**GIVEN DATA**:
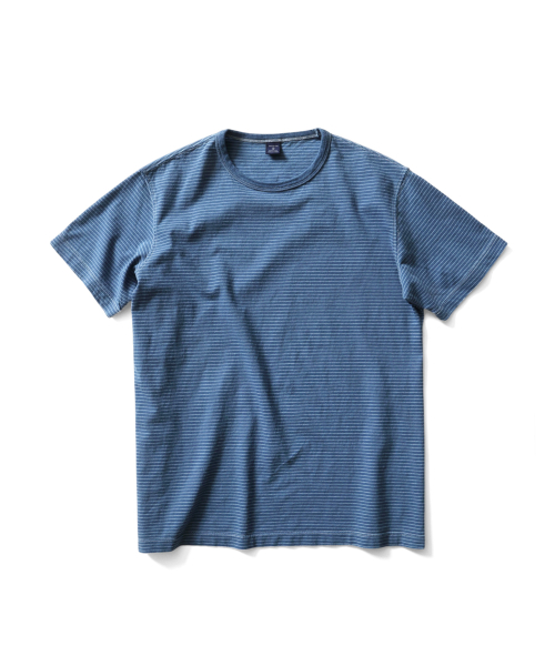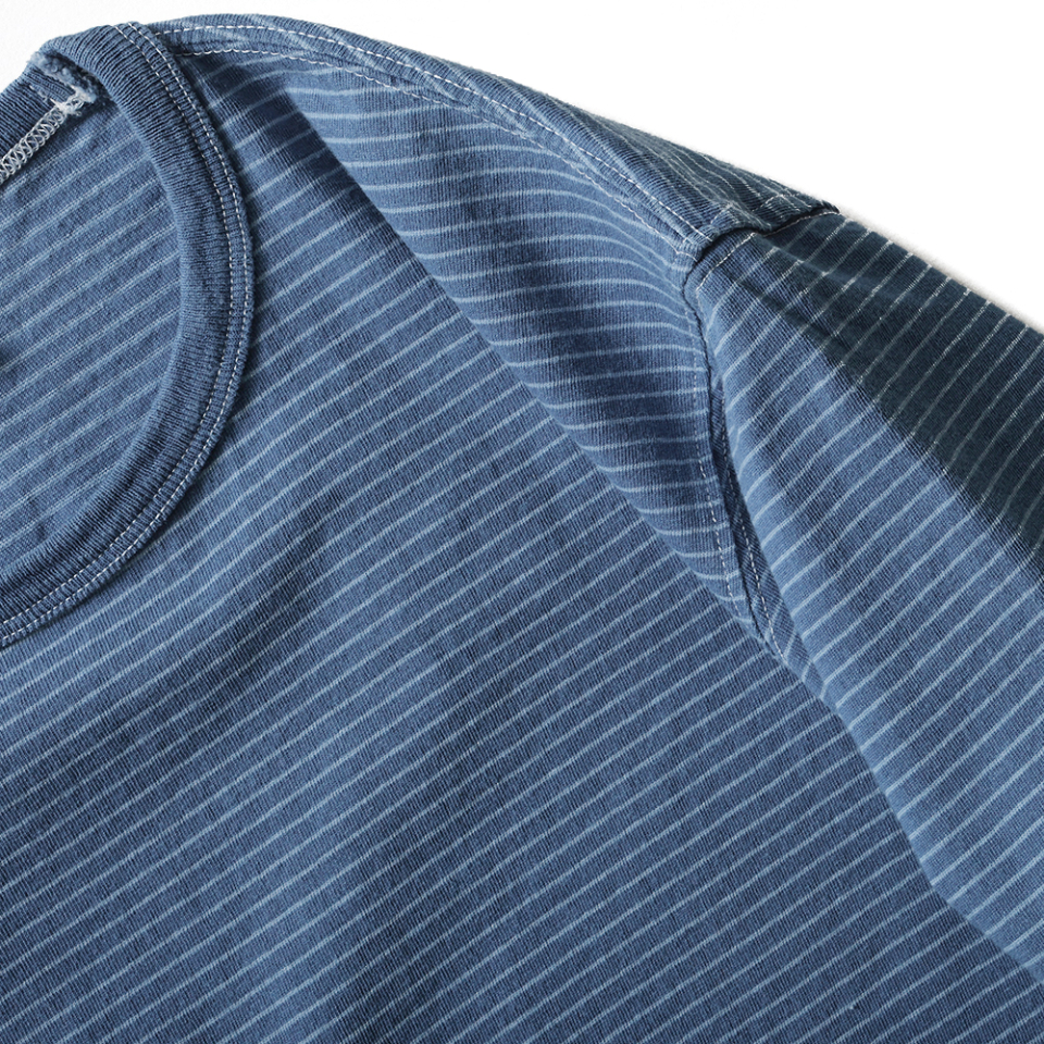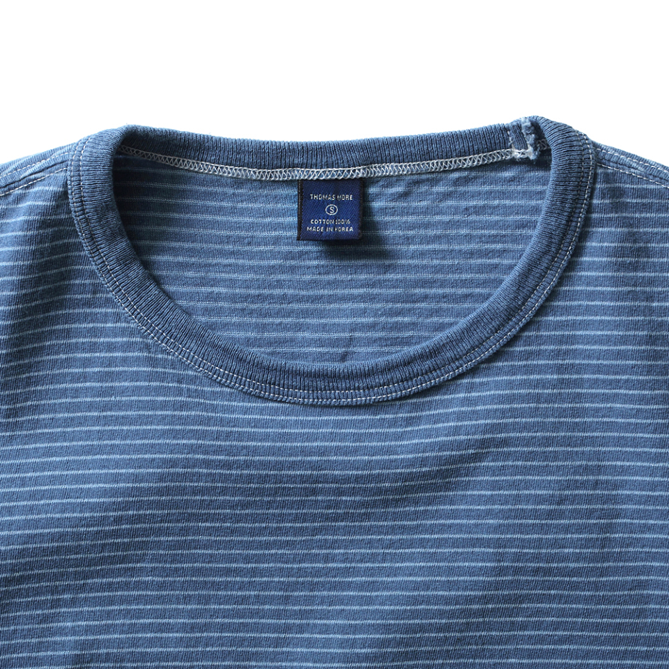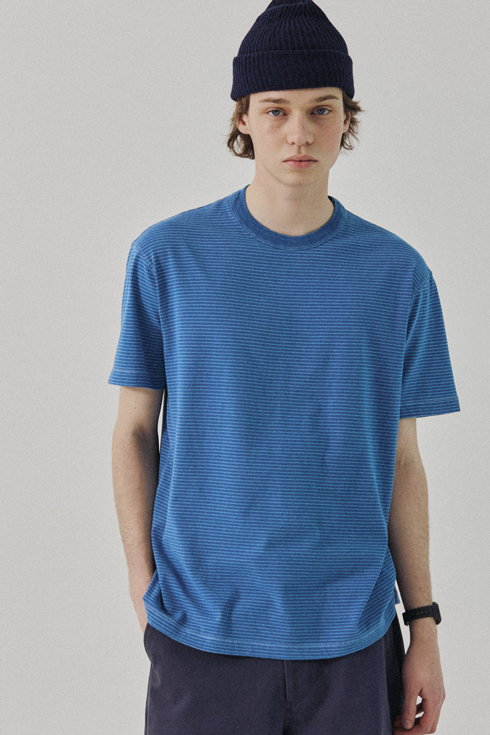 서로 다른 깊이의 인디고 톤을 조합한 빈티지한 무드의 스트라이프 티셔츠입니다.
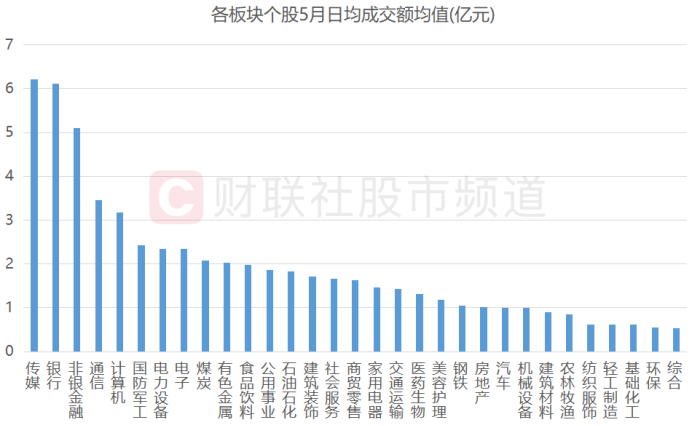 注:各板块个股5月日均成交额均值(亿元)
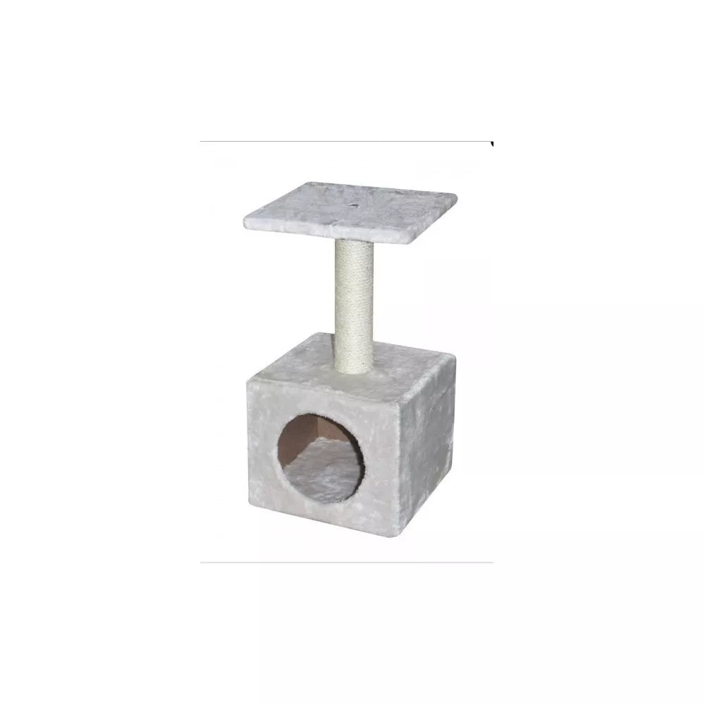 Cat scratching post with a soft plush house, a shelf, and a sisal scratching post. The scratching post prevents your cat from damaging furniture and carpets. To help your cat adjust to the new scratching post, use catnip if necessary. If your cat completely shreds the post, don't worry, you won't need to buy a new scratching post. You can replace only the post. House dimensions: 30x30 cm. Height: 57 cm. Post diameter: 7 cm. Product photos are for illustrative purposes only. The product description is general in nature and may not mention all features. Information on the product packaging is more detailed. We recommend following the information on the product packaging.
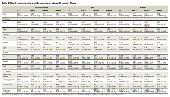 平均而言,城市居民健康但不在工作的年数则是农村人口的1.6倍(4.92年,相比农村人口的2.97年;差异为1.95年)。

**TASK STATEMENT**: Copy all the material exactly; omit images.

**ANSWER SECTION**:
 서로 다른 깊이의 인디고 톤을 조합한 빈티지한 무드의 스트라이프 티셔츠입니다.
 注:各板块个股5月日均成交额均值(亿元)
 Cat scratching post with a soft plush house, a shelf, and a sisal scratching post. The scratching post prevents your cat from damaging furniture and carpets. To help your cat adjust to the new scratching post, use catnip if necessary. If your cat completely shreds the post, don't worry, you won't need to buy a new scratching post. You can replace only the post. House dimensions: 30x30 cm. Height: 57 cm. Post diameter: 7 cm. Product photos are for illustrative purposes only. The product description is general in nature and may not mention all features. Information on the product packaging is more detailed. We recommend following the information on the product packaging.
 平均而言,城市居民健康但不在工作的年数则是农村人口的1.6倍(4.92年,相比农村人口的2.97年;差异为1.95年)。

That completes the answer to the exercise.